Arctium lappa Extract Suppresses Inflammation and Inhibits Melanoma Progression

Abstract

Background: Arctium lappa has been used as popular medicinal herb and health supplement in Chinese societies. Bioactive components from A. lappa have attracted the attention of researchers due to their promising therapeutic effects. In this study, we investigated the effects of A. lappa hydroalcoholic extract (Alhe) during different models of inflammation, in vivo. Methods: The anti-inflammatory activity was evaluated through the air pouch model. For this, mice received an inflammatory stimulus with lipopolysaccharide (LPS) and were later injected with Alhe. To assess anti-tumoral activity, the animals were inoculated with B16F10 cells and injected with Alhe every 5 days, along the course of 30 days. Controls were submitted to the same conditions and injected with the vehicle. Peritoneal or air pouch fluids were collected to evaluate leukocyte counting or cellular activation via quantification of cytokines and nitric oxide. Results: Alhe injection reduced the neutrophil influx and production of inflammatory mediators in inflammatory foci after LPS or tumor challenges. Furthermore, Alhe injection reduced tumor growth and enhanced mice survival. Conclusions: Collectively, these data suggest that Alhe regulates immune cell migration and activation, which correlates with favorable outcome in mouse models of acute inflammation and melanoma progression.
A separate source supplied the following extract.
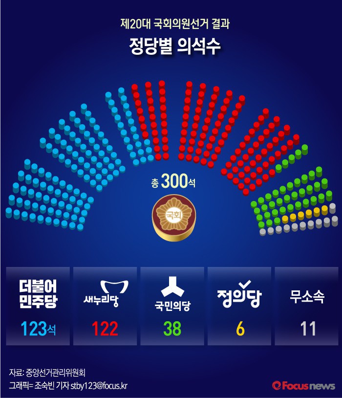 | △ [그래픽] 제20대 국회의원선거 정당별 의석수 |

Keywords: Arctium lappa; inflammation; melanoma; natural product; phytomedicine.

Figure 1

Alhe induces leukocyte accumulation into the peritoneal cavity and peripheral blood. Total leukocytes and neutrophils were evaluated after injection of 300 μL of Alhe at different concentrations (50, 300, and 500 mg/kg) in the peritoneal cavity (A,B) or peripheral blood (C,D). The experiment was conducted twice using five mice per group (n = 10); the error bars denote ± SEM. * indicates control PBS versus different doses. These differences were considered significant when p < 0.05, according to ANOVA with Tukey’s post-test.

Figure 2

A. lappa extract suppresses inflammation in lipopolysaccharide (LPS)-inflamed air pouches. After 1 h of injection of phosphate-buffered saline (PBS) (PBS/1 mL/pouch) or LPS (1 μg/mL/1 mL/pouch) into air pouches, mice were injected with Alhe (300 mg/kg/1 mL/pouch) or PBS (PBS/1 mL/pouch). Total and differential leukocyte numbers were determined in the lavage fluid, after 4 h. (A) Total leukocytes, (B) neutrophils, (C) mononuclear cell counts, and (D) total protein quantification. (E) IL-6, (F) TNF-α, and (G) IL-1β were quantified by ELISA. The experiment was conducted twice using five mice per group (n = 5), and error bars denote mean ± SEM. * PBS (control) versus LPS; # LPS versus LPS + A. lappa. Differences were considered significant if p < 0.05 according to ANOVA with Tukey’s post-test.

Figure 3

A. lappa extract reduced inflammation induced by tumor implantation. (A,C) Total leukocytes and (B,D) neutrophil accumulation was evaluated in the peritoneal cavity after 30 days of the B16F10 melanoma implantation. The animals received Alhe (50 mg/kg/300 μL) or PBS (300 μL) via i.p. every 5 days for 30 days. (E) Total protein, (F) NO₂⁻, (G) IL-6; (H) TNF-α, and (I) IL-1β were quantified in the peritoneal fluid. The experiment was conducted twice using five mice per group (n = 5). Data represents mean ± SEM. * control versus tumor or tumor + A. lappa; ^# tumor versus A. lappa. Differences were considered significant with p < 0.05 according to ANOVA with Tukey’s post-test.

Figure 4

A. lappa extract reduces tumor growth and rescues animal mortality. (A) For assessment of tumor size and (B) mice survival, B16F10 melanoma cells were implanted and the animals received Alhe (50 mg/kg/300 μL) or PBS (300 μL) every 5 days for 30 days. (A) Tumors were measured with a Vernier caliper, and tumor volume was calculated with the equation—tumor length × height × width/2. (B) Animal survival was monitored for 30 days. The experiment was conducted twice using five mice per group (n = 5). Data denote mean ± SEM. * Tumor versus tumor + A. lappa. Differences were considered significant with p < 0.05, according to ANOVA with Tukey’s post-test (tumor growth) or the log-rank test (mice survival).